The branch predictor can pick up on much more complicated patterns than just “always left, then always right” or “left-right-left-right.” If we just decrease the size of the array $N$ to 1000 (without sorting it), then the branch predictor memorizes the entire sequence of comparisons, and the benchmark again measures at around 4 cycles — in fact, even slightly fewer than in the sorted array case, because in the former case branch predictor needs to spend some time flicking between the “always yes” and “always no” states.

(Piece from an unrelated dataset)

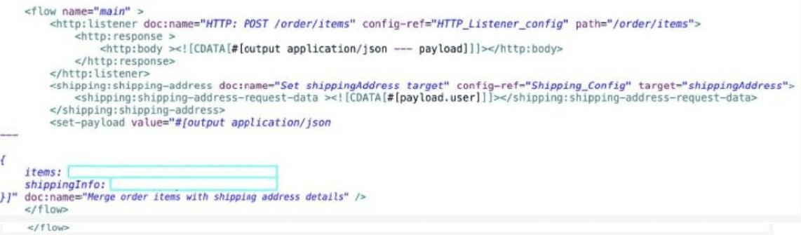 A Mule application is being developed to process web client POSTrequests with payloads containing order information including the user name and purchased items The Shipping connector returns a shipping address for the input payloads user name The Shipping connector's Shipping Address operation is configured with a target named shippingAddress.

#Hinting Likeliness of Branches
If you know beforehand which branch is more likely, it may be beneficial to pass that information to the compiler:
for (int i = 0; i < N; i++)
if (a[i] < P) [[likely]]
s += a[i];
When P = 75
, it measures around ~7.3 cycles per element, while the original version without the hint needs ~8.3.
This hint does not eliminate the branch or communicate anything to the branch predictor, but it changes the machine code layout in a way that lets the CPU front-end process the more likely branch slightly faster (although usually by no more than one cycle).
This optimization is only beneficial when you know which branch is more likely to be taken before the compilation stage. When the branch is fundamentally unpredictable, we can try to remove it completely using predication — a profoundly important technique that we are going to explore in the next section.
#Acknowledgements
This case study is inspired by the most upvoted Stack Overflow question ever.